9. Real Estate - Atlas (Domino) - 49 points


Dom: The year's most jangly album? Gloriously so. These guitar lines weave an irresistible, shimmering pattern throughout. The sound of a hazy, lazy, cocktail-soaked beach party far from home, accompanied by lyrical reminders that you've lost your wallet, phone and keys and probably should have headed home back ago.

Matt: They might well be a walking talking Portland cliche, with the jangly indie guitars a very familiar tone. But Real Estate have an incredible knack for a tune that the distant reverby vocals don’t completely smudge into oblivion. An alternative treat.

Steve: The haunting harmonies and minor chord progressions often recall early REM or my old cassettes of forgotten Creation Records bands (18 Wheeler, Velvet Crush, BMX Bandits), but there is something pure and honest and true about the way in which they have been refashioned here. 

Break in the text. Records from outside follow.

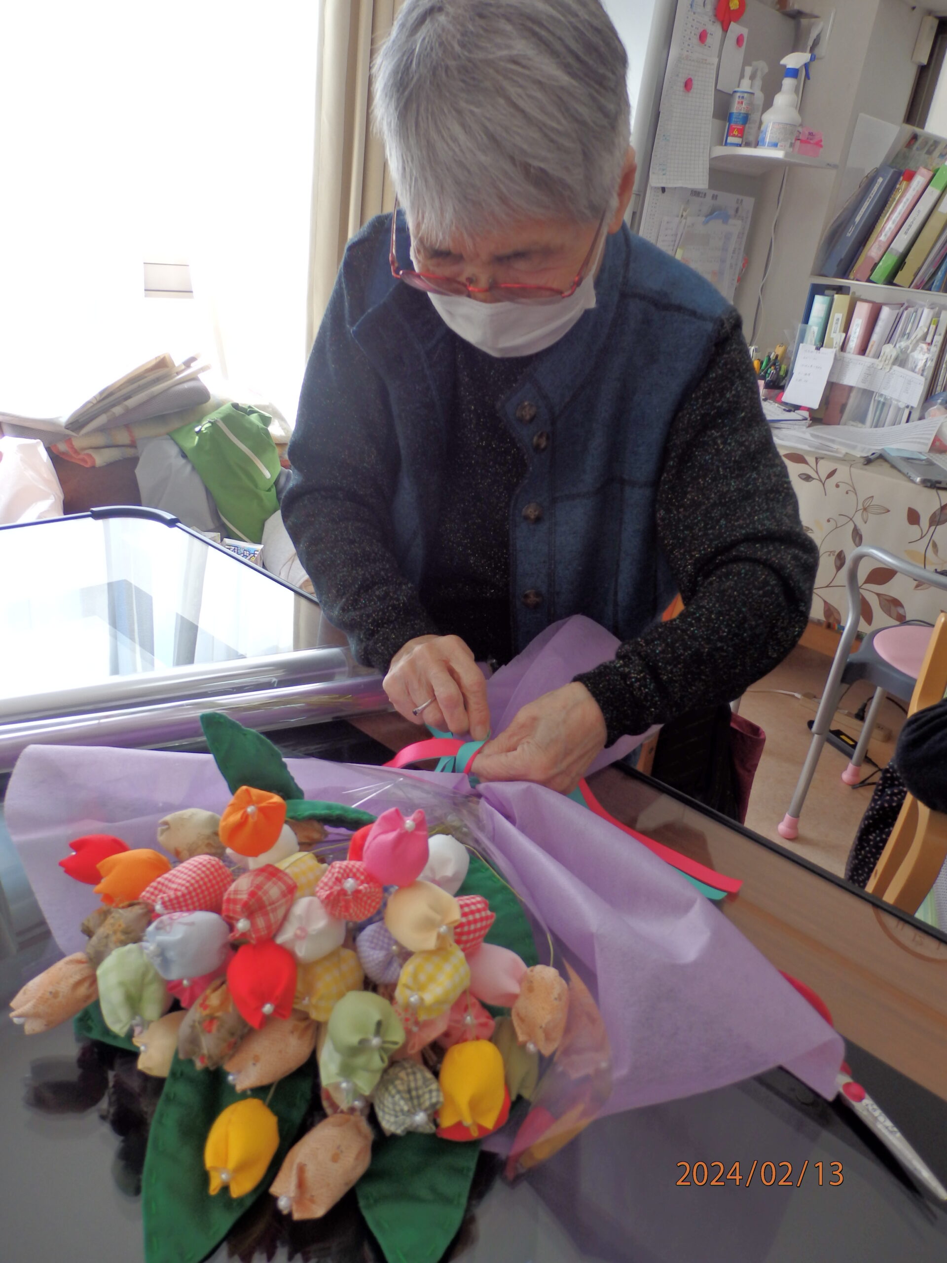 チューリップの花束は利用者様が1本1本心を込めて縫って下さいました![]()
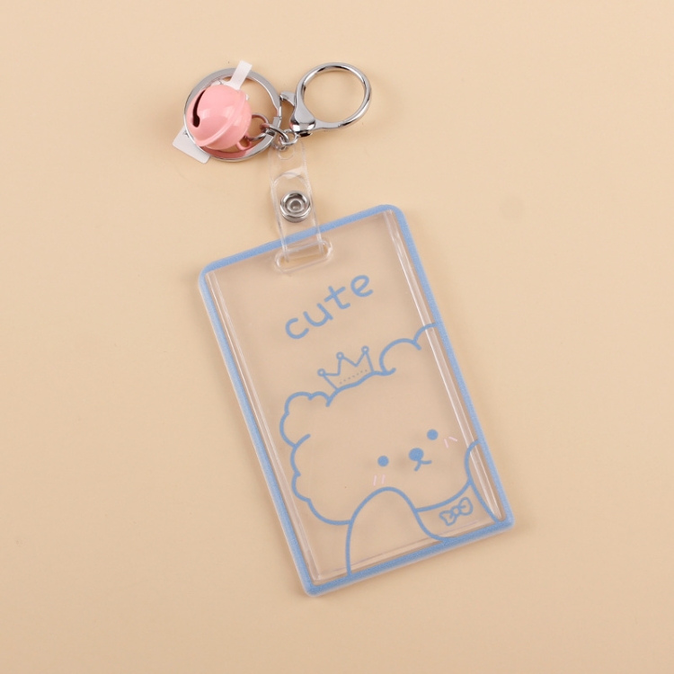 2 PCS Transparent Acrylic Push Pull Card Sleeve Bell Keychain Ring ID Card Sleeve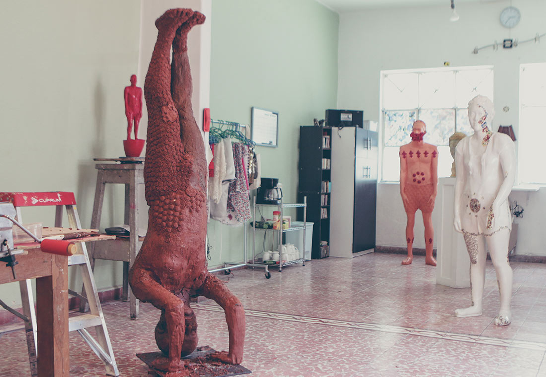 2.Yo quería un estudio que fuera en planta baja, con ambientes muy grandes, para albergar mis esculturas. Busqué por la Narvarte, por la Escandón, pero las rentas eran muy caras. Un día vi un anuncio, me monté a la bicicleta y vine a verlo. Me enamoré de mi estudio a primera vista. Creo que lo que pides se cumple y yo pedí que si compartía espacio que fuera con una pareja joven, con perro. Lo que no pedí es que tuvieran buena onda. Por suerte se fueron y ahora vive al lado mío una amiga pintora llamada Carmen Chávez.

Andy: the band sounding more confident and comfortable than ever, their songs bolder than before. And while the nostalgia is mildly heartbreaking – Courtney longs for the suburban safety of his youth but knows he can never get back there – it at least feels real, and not the rosy version of the endless summer we’re sold so often. It's a great record.  

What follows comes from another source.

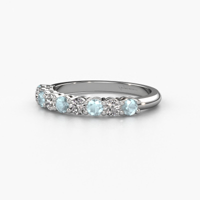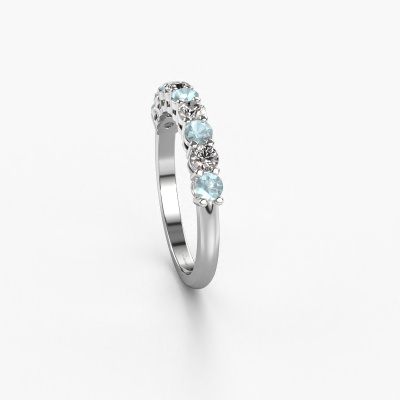 This extraordinary ring is called Michelle 9. This type of ring is known as a memoire ring, because its gemstones are set in a continuous line. This makes it easy to combine with other rings. The band of this platinum ring is set in a combination of aquamarine and lab grown diamond 2.7 mm. You can easily choose the combination you prefer online. As you can see, a single aquamarine is set in this single alliance platinum ring. The memoire ring represents collaboration. And that is precisely what these gemstones do, collaborate. Together they add a beautiful effect to the band of a classic ring! Such a meaningful ring, wouldn't you agree? All our hand selected aquamarine are positioned by hand by our expert goldsmith. It's a precise task, which can only be completed successfully through the combination of pure craftsmanship and usage of the latest techniques which give it an optimal effect. To create a perfect reflection of light, all the gemstones have to be perfectly aligned in the same way. During manufacturing, the expert goldsmith will therefore monitor the reflection of light constantly to check whether the aquamarine are aligned properly. This requires a skilled hand and a lot of patience but then the end product will be a true piece of art. And that is our mission!Because we design and deliver our own rings, we can offer you a ring at a price you won't find anywhere else. A ring is made to order, which helps prevent excess supplies, so we can make you a great price offer. We understand it feels risky, buying your ring online, but we will gladly assist in the designing process, taking your budget into consideration.Our team of talented, passionate designers add new ring designs to our online collection daily. Our objective in doing so, is to be able to offer you a wide variety of jewels. Please feel free to request a quote if you have specific wishes for your ring. We guarantee to make you an offer you can't refuse.To make it easier for you, we offer a 30 day return policy. Check our terms and conditions.

10. Angel Olsen - Burn Your Fire For No Witness (Jagjaguwar) - 47 points


Andrew: Angel Olsen, once of Bonny Prince Billy’s backing band, struck out on her own with Half Way Home in 2012, a roots based pondering on the ways of the heart. That was good, this is stunning. Olsen’s voice is absolutely captivating, it leaves you hanging on her every word.

Ian: It's raw and emotional, with not a lick of polish in sight and more than a little debt to PJ Harvey along the way.

Steve: Like the rest of the album, 'High 5' is life-affirming and nostalgic, slacker-ish yet purposeful. At times you can hear touches of Cat Power, Mazzy Star, Leonard Cohen and Juliana Hatfield in her quavering Missouri voice, but in the main she has truly begun to find a very powerful voice all of her own.

Andy: The album veers from barely there acoustic songs to much bigger full arrangements, but Olsen sounds just as comfortable and just as brilliant with all of it.